[Collected data entries]
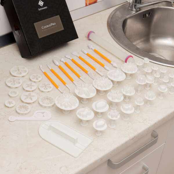 El único set CookiePro para elaborar pasteles y decoraciones de la masa fondant es muy fácil de usar y no requiere conocimientos previos.
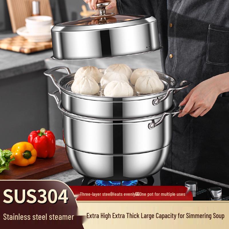 Three-Layer 304 Steel Steamer Pot with Large Capacity for Multi-Functional Cooking
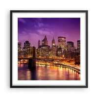 Plakat w czarnej ramie - Fioletowo-złoty Manhathann - 50x50 cm
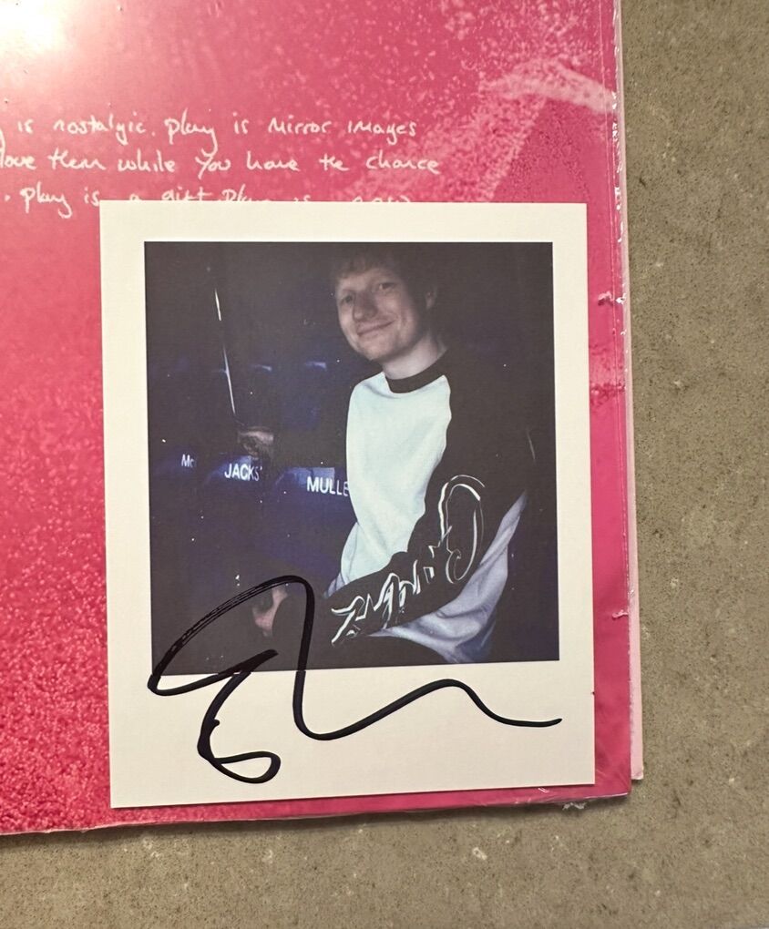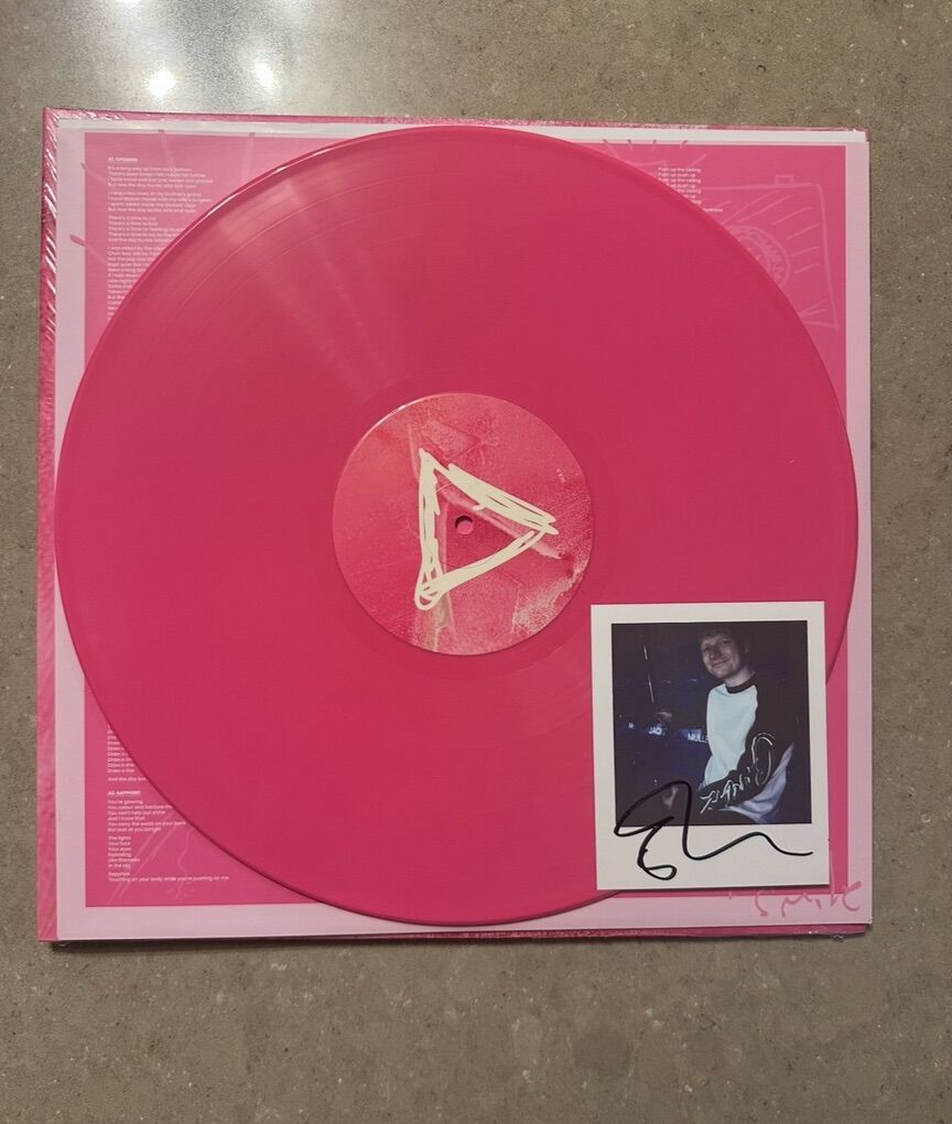 Contains 1 signed polaroid by Ed Pink opaque coloured vinyl housed in a printed gatefold outer sleeve, with insert and soft touch matte finish. Artwork includes full album lyrics and credits. Includes 1 Signed Polaroid. I had some issues with other Ed Sheeran albums not having what they were supposed to have in them so I VERY CAREFULLY slit the side of the plastic wrap open to make sure the signed Polaroid was there. So this is the exact picture and signature you would get! Although it is open it has never been played. I took pictures of everything and then put it in another protective sleeve to keep it extra protected.
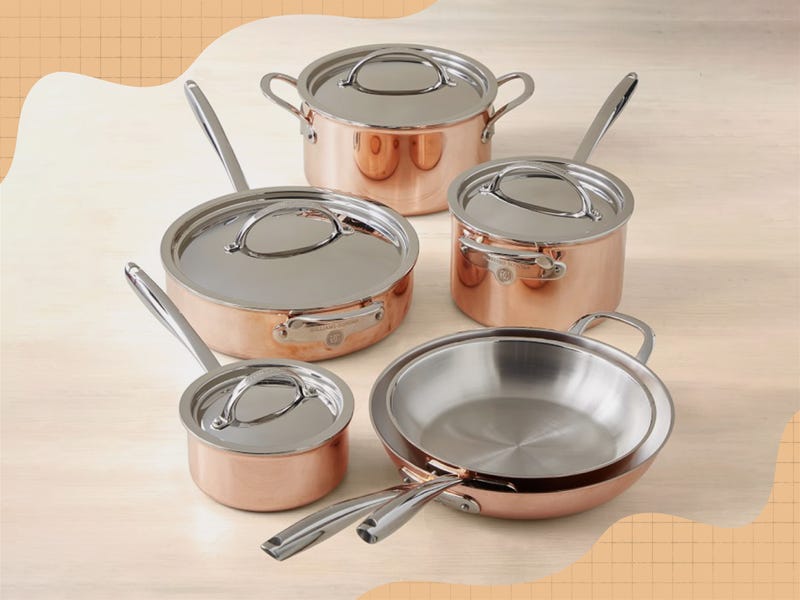 This set has everything we think is needed for a well-stocked kitchen, and the copper exterior is beautiful enough to show off when you’re not cooking. Thermo-Clad cookware can go in an oven up to 450 degrees, but you should never heat a copper pan that is empty. Check out our guide to copper cookware for more information on how to take care of your copper pots and pans.
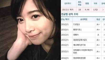 顺便说一声,具惠善是个很聪明的女性。在世界百强名校成均馆大学里就读,成绩单非常漂亮。满分4.5的绩点,她4.44,并且全A。
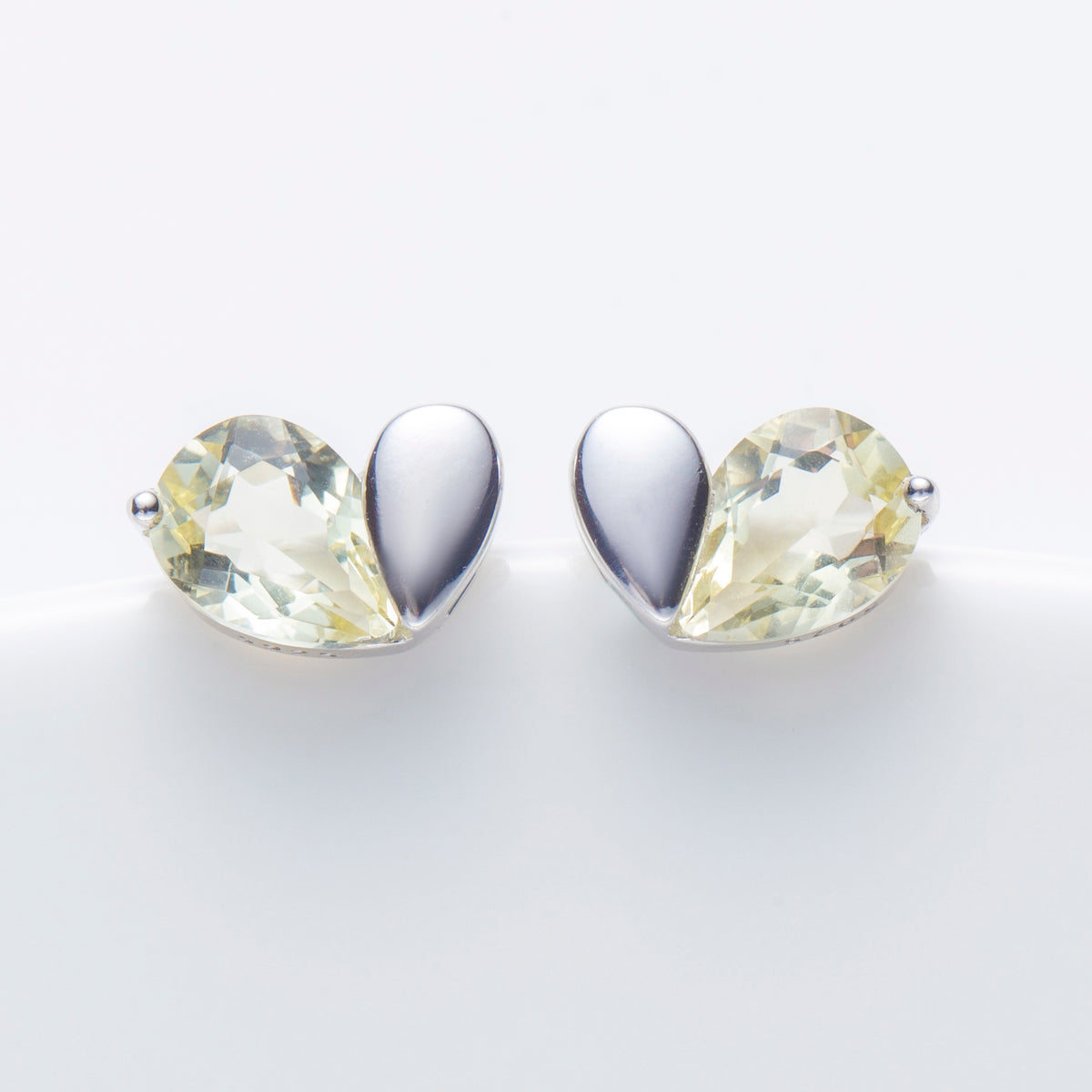 Fashion sterling silver earrings with natural gemstone of Lemon Quartz, pear shape in size 6*8 mm. Natural gem earrings, silver earrings wholesale.
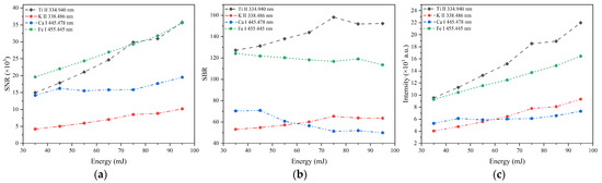 Variation in spectral parameters with single laser pulse energy: (a) change in characteristic spectral line SNR with single laser pulse energy; (b) change in characteristic spectral line SBR with single laser pulse energy; (c) change in characteristic spectral line intensity with single laser pulse energy.
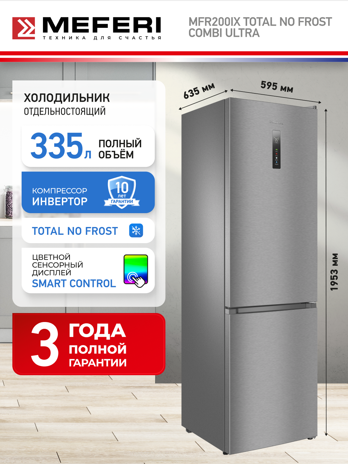 Холодильник отдельностоящий с инвертором MEFERI MFR200IX TOTAL NO FROST COMBI ULTRA: сравнение цен, характеристики, фото, актуальное наличие и цены.
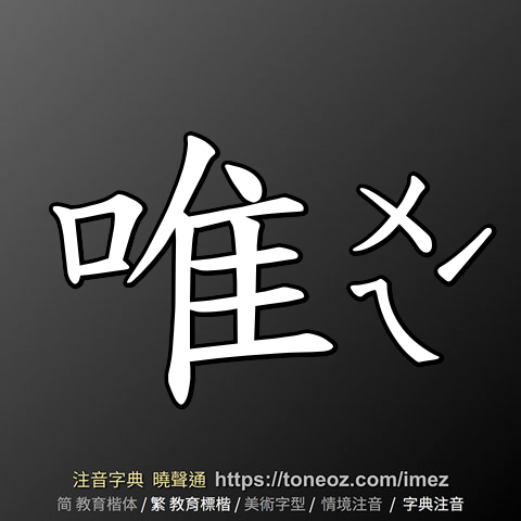 唯,注音ㄨㄟˊ,拼音wéi,辭典解釋為:1.獨、只有。例:唯一、唯有、唯利是圖 2.願、希望。例:臣請就湯鑊,唯大王與群臣孰計議之。(《史記.卷八一.廉頗藺相如傳》) 3.連詞。表示讓步關係,相當於「雖然」、「縱使」。例:唯天子亦不說也。(《史記.卷一二○.汲黯傳》) 4.表示應答的語詞。例:唯諾、唯唯諾諾
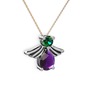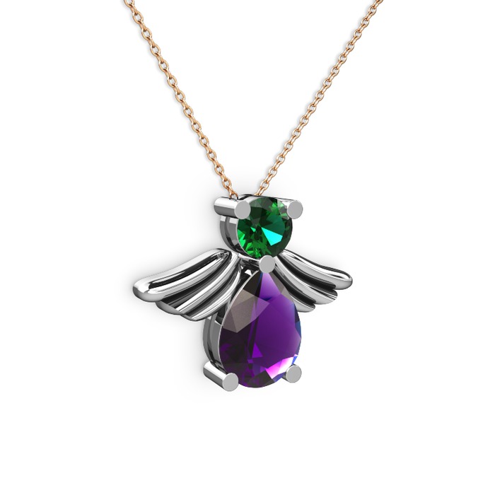 Ametist ve yeşil kuvars 18 ayar beyaz altın kolye (40 cm rose altın rolo zincir)

▶ **Work task**
The line with "Three-Layer 304 Steel" and each line after it, through the final line of the data, are to be duplicated exactly, with pictures left out and nothing more included.

▶ **Exercise response**
 Three-Layer 304 Steel Steamer Pot with Large Capacity for Multi-Functional Cooking
 Plakat w czarnej ramie - Fioletowo-złoty Manhathann - 50x50 cm
 Contains 1 signed polaroid by Ed Pink opaque coloured vinyl housed in a printed gatefold outer sleeve, with insert and soft touch matte finish. Artwork includes full album lyrics and credits. Includes 1 Signed Polaroid. I had some issues with other Ed Sheeran albums not having what they were supposed to have in them so I VERY CAREFULLY slit the side of the plastic wrap open to make sure the signed Polaroid was there. So this is the exact picture and signature you would get! Although it is open it has never been played. I took pictures of everything and then put it in another protective sleeve to keep it extra protected.
 This set has everything we think is needed for a well-stocked kitchen, and the copper exterior is beautiful enough to show off when you’re not cooking. Thermo-Clad cookware can go in an oven up to 450 degrees, but you should never heat a copper pan that is empty. Check out our guide to copper cookware for more information on how to take care of your copper pots and pans.
 顺便说一声,具惠善是个很聪明的女性。在世界百强名校成均馆大学里就读,成绩单非常漂亮。满分4.5的绩点,她4.44,并且全A。
 Fashion sterling silver earrings with natural gemstone of Lemon Quartz, pear shape in size 6*8 mm. Natural gem earrings, silver earrings wholesale.
 Variation in spectral parameters with single laser pulse energy: (a) change in characteristic spectral line SNR with single laser pulse energy; (b) change in characteristic spectral line SBR with single laser pulse energy; (c) change in characteristic spectral line intensity with single laser pulse energy.
 Холодильник отдельностоящий с инвертором MEFERI MFR200IX TOTAL NO FROST COMBI ULTRA: сравнение цен, характеристики, фото, актуальное наличие и цены.
 唯,注音ㄨㄟˊ,拼音wéi,辭典解釋為:1.獨、只有。例:唯一、唯有、唯利是圖 2.願、希望。例:臣請就湯鑊,唯大王與群臣孰計議之。(《史記.卷八一.廉頗藺相如傳》) 3.連詞。表示讓步關係,相當於「雖然」、「縱使」。例:唯天子亦不說也。(《史記.卷一二○.汲黯傳》) 4.表示應答的語詞。例:唯諾、唯唯諾諾
 Ametist ve yeşil kuvars 18 ayar beyaz altın kolye (40 cm rose altın rolo zincir)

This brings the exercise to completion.